O réptil* – Dedicado ao André Ventura e ao seu saprófita Pedro Pinto

O réptil tem a pele grossa e respira por pulmões. Não controla a temperatura. Aquece-se nos média e foge do calor para o ar condicionado do escritório ou da AR. É exímio na arte de se camuflar, mas é um carnívoro que não larga as presas. Põe um cravo na lapela quando lhe convém, e abomina-o se lhe interessa. Defende os Direitos Humanos para ter um diploma e serve-se desse diploma para os combater.

O réptil é viscoso e repelente, e consegue atrair as presas. O réptil não tem passado, tem fome de futuro. E adapta-se muito bem ao ambiente terrestre.

O réptil passa pelas pessoas e parece normal. Psicopatas, marginais e cadastrados veem no réptil a luz que os ilumina, o arauto da nova ordem que germina no ódio à liberdade, o aríete contra as minorias e a democracia.

O réptil foi, em Portugal, o primeiro animal a conquistar um lugar na casa da Liberdade, para a combater, fazendo jus à história evolutiva, em que os répteis foram os primeiros vertebrados a conquistarem o ambiente terrestre.

O réptil adora a ditadura e defende a democracia, odeia a diferença e alicia indiferentes.

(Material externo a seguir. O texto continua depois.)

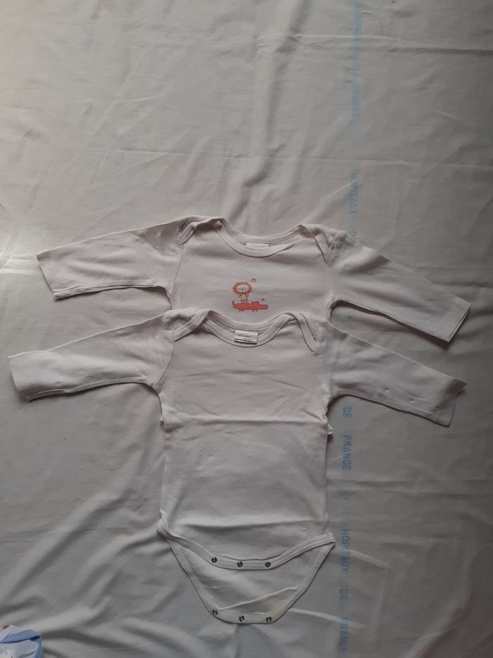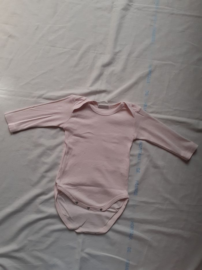 Lot de 3 bodys rose clair et blancs 6 mois ( tache au bas des bodys blancs)

Grita que é perseguido quando persegue e continua ruidoso quando lacera as vítimas.

O réptil desfila na Avenida da Liberdade, alheio ao nome que pretende extinguir. Finge apreço pela diferença e faz da manifestação de força a força da provocação que deseja.

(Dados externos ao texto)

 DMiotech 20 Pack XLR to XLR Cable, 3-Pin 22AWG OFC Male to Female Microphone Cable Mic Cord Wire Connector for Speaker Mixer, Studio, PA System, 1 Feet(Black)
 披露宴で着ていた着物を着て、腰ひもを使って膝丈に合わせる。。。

O réptil defende a lei para a modificar, a ordem para a subverter, as forças de segurança para as atrair para a vingança e a violência.

O réptil mente e atribui aos outros a indignidade própria. É um traste que evita referir as avenças de que vive, o biltre que atribui aos outros a náusea que é, fazendo das intrigas factos e das calúnias verdades.

O réptil é um professor dispensado da docência para insultar o Governo ou o escriba em comissão de serviço nos média para corroer a democracia.

O réptil não nasceu réptil. Fez-se, debitou baba e peçonha nas televisões e cevou-se com os detritos que bolçou. Entrou na política através de um imbecil e acabou a rastejar por conta própria, a regurgitar calúnias e a atribuir aos adversários os retratos de si próprio.

O réptil é um invejoso e vingativo sem escrúpulos. É filho do acaso. Despreza a justiça e apresenta-se como justiceiro. Se não aprovarem a justiça que apregoa, dispõe de outra. Como não tem moral, a moral não conta. Tem a moral que lhe convém. Por isso defende qualquer moral. E finge que tem moral. Faz mal aos outros, e gosta, e, depois, faz-se de sonso. O réptil rouba a honra que não tem e que dispensa.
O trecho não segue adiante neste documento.